Task to carry out | Under this line are records; the part from the line containing "6月13日,滴滴出行平臺(t" through the line containing "הנדנדה מסופקת בגוון עץ טבעי, ללא צביעה." should be repeated exactly. Please exclude pictures.

Data supplied |
▬▬▬▬▬▬▬▬▬▬

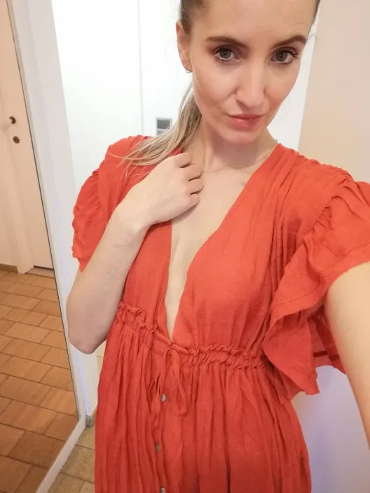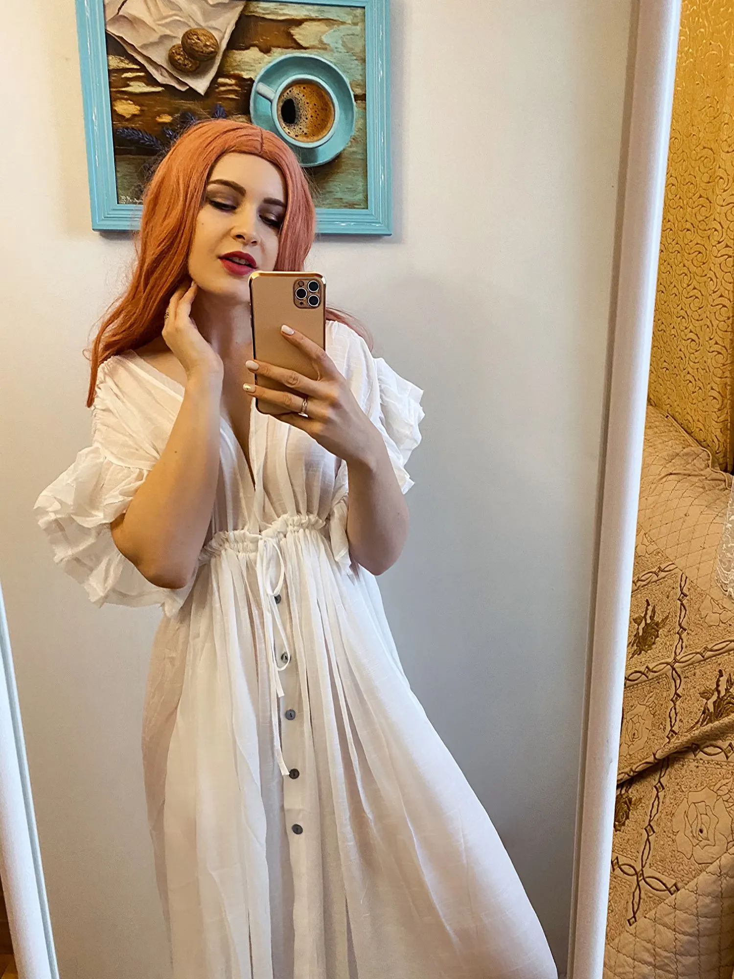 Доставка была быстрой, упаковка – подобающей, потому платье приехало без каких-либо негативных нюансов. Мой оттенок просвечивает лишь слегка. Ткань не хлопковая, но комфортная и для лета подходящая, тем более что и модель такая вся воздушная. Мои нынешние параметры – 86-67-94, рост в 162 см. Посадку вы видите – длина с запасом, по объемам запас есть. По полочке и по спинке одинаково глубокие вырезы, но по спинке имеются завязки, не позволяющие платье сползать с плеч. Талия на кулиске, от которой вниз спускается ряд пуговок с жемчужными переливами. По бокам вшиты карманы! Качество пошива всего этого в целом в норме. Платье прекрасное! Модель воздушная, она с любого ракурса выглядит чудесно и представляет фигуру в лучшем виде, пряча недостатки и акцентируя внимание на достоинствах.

▬▬▬▬▬▬▬▬▬▬

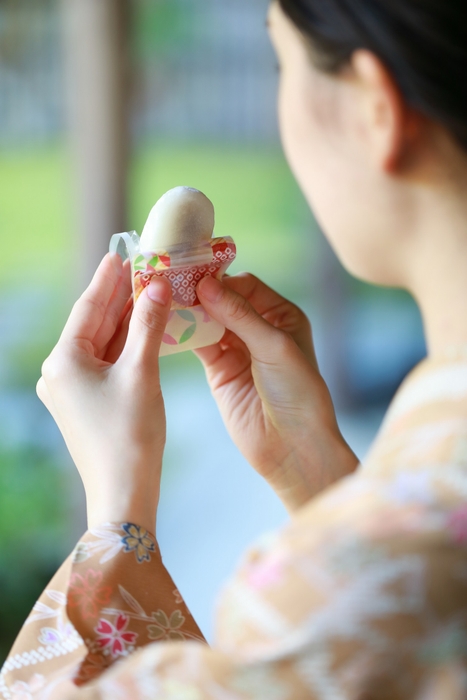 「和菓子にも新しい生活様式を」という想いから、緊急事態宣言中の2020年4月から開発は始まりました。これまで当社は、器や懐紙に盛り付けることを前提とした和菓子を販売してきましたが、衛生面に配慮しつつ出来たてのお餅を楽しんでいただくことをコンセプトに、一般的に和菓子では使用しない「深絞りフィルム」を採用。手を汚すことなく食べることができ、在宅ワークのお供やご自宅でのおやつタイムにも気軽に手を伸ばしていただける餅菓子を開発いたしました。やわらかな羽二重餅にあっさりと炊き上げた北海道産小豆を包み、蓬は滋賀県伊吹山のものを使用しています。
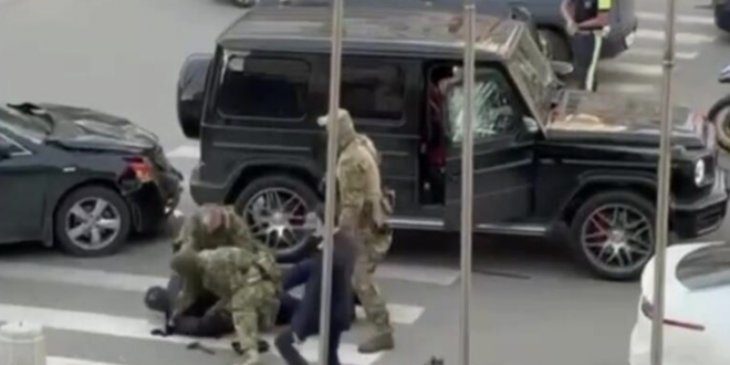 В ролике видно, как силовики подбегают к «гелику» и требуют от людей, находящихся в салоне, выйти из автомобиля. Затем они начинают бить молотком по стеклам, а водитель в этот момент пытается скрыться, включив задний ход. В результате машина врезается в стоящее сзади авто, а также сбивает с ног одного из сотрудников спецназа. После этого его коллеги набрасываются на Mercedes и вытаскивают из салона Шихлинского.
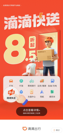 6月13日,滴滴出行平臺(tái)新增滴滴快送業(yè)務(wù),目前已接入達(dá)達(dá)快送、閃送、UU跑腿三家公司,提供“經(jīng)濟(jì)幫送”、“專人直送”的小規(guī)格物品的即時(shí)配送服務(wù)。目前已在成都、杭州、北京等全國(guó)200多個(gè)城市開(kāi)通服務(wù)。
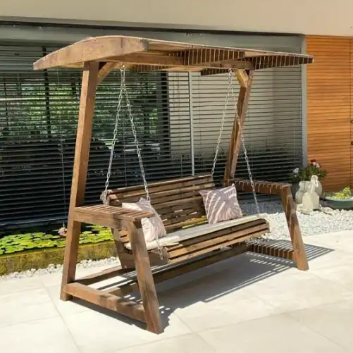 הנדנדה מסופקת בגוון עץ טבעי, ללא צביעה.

▬▬▬▬▬▬▬▬▬▬

Exercise result |
 6月13日,滴滴出行平臺(tái)新增滴滴快送業(yè)務(wù),目前已接入達(dá)達(dá)快送、閃送、UU跑腿三家公司,提供“經(jīng)濟(jì)幫送”、“專人直送”的小規(guī)格物品的即時(shí)配送服務(wù)。目前已在成都、杭州、北京等全國(guó)200多個(gè)城市開(kāi)通服務(wù)。
 הנדנדה מסופקת בגוון עץ טבעי, ללא צביעה.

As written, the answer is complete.